Research at the Weizmann Institute reveals a genetic mechanism involved in the formation of colon cancer metastases, and contributes to the understanding of the processes responsible for its violent outbreak
Colorectal cancer is one of the most common types of cancer in the Western world and in Israel. The tumor, which begins its life as a small bump, or a wound in the intestine, later becomes an invasive and violent cancer, when the main damage is caused by metastases that reach the liver. A study by Prof. Avri Ben-Zev and a research student from his group, Dr. Nancy Gebert, from the Department of Molecular Cell Biology at the Weizmann Institute of Science, which was recently published in the scientific journal Cancer Research, reveals a genetic mechanism involved in the formation of colon cancer metastases, and contributes to the understanding of the processes responsible for his violent outburst.
The factor that starts the snowball of the disease, in very many cases (90-80%), is damage to a certain cellular pathway for transmitting signals, and especially to its key protein - beta-catenin. This protein plays an important role in cell adhesion, but in certain situations, such as, for example, in the stage of embryonic development, or in the proliferation of stem cells, it has an additional role: it enters the cell nucleus, and encourages the expression of genes. When the beta-catenin protein accumulates in excessive amounts inside the cell, its uncontrolled activity can cause the expression of cancer-causing genes.

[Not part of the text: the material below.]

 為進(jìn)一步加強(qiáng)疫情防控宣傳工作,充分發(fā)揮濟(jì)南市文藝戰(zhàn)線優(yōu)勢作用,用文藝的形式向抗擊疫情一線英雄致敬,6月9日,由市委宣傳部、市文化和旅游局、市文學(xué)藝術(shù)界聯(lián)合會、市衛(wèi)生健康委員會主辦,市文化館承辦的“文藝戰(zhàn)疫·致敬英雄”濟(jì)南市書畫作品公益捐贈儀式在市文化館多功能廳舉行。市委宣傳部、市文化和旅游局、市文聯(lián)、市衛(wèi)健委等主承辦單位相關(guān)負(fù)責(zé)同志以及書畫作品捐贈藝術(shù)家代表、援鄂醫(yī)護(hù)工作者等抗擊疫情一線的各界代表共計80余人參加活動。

Surprisingly, one of those genes activated by beta-catenin in colon cancer cells, called L1-CAM, is a protein receptor that appears mainly on the surface of nerve cells, where it is responsible for the recognition between cells, their adhesion and their movement. What is its role in cancer cells? Previous studies by Prof. Ben-Zev showed that this receptor is not expressed in all tumor cells, but only in those on its "invasive front", and only at the stage when it becomes violent and metastatic. These findings implied that this gene plays an important role in the aggressive stage of colon cancer, by causing the invasive movement of the cells.

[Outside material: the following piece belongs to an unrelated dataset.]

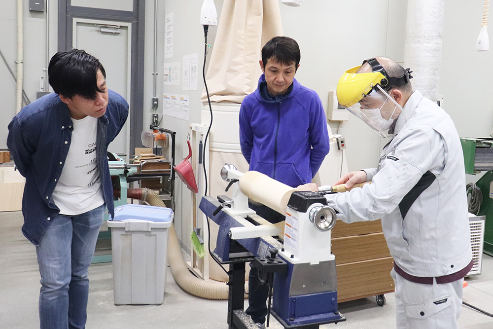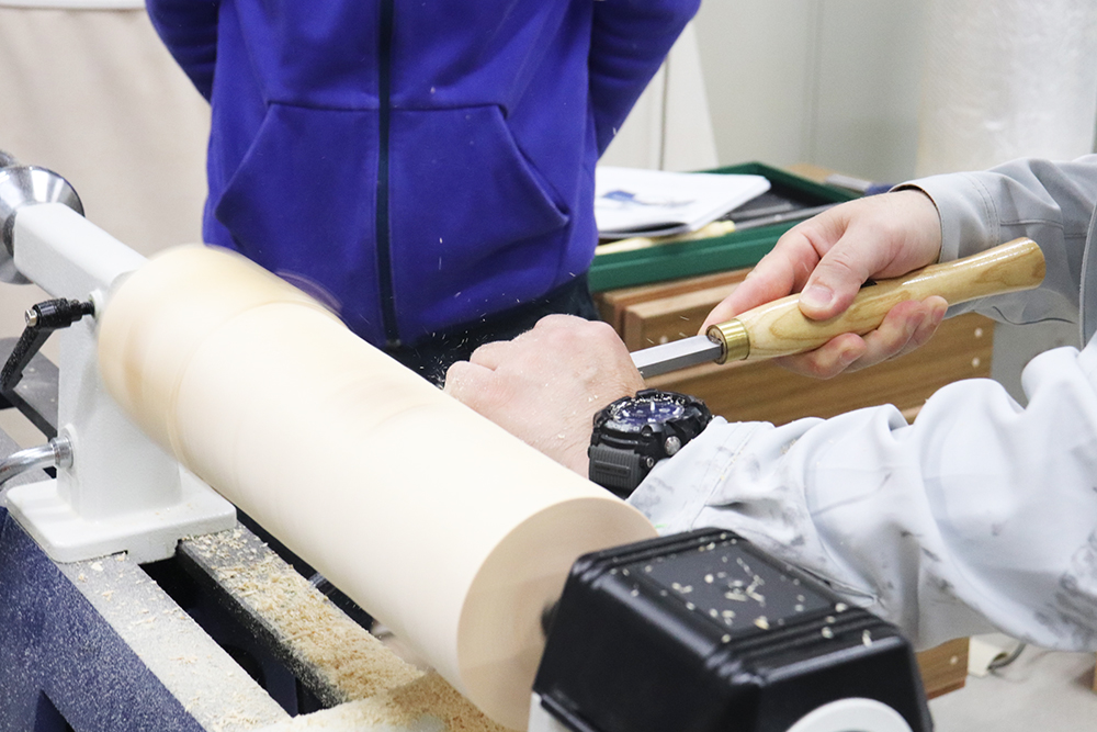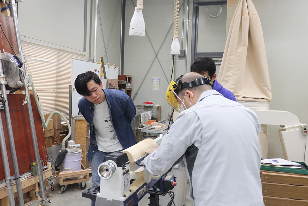 本学では、本支援制度を活用し、木工室に新たに導入された加工機の木工旋盤に特化した講習を実施。学内指導員の養成と、学生の家具製作における技能向上を目的とし、マイスターの指導のもと学生と学内指導員が実習に取り組みました。

The researchers tested this hypothesis in mice, in a research model simulating the development of metastatic colon cancer. It turned out that colon cancer cells in which the L1-CAM gene was inserted formed cancer metastases in the liver, while cancer cells that do not express the gene did not metastasize. In addition, the researchers discovered that the expression of a certain enzyme, which is responsible for cutting the extracellular part of the receptor, is also increased by beta-catenin in the same cells, strengthening the invasive effect of L1-CAM.
Together with Prof. Eitan Domani and his research student, Michal Shaffer, from the Department of Physics of Complex Systems, the scientists mapped the genes activated in cells into which the L1-CAM gene was inserted, and compared them to the characteristics of gene activation in cancerous tissues taken from patients suffering from an advanced stage of colon cancer. About 160 genes were found whose expression is increased by L1-CAM, 70 of which also showed high expression in the colon cancer tissues of 170 patients, but not in 40 samples of healthy colon tissue. In the future, Prof. Ben-Zev intends to investigate the role of these genes in the development of cancer, with the aim of understanding the mechanisms through which L1-CAM induces the formation of colon cancer metastases.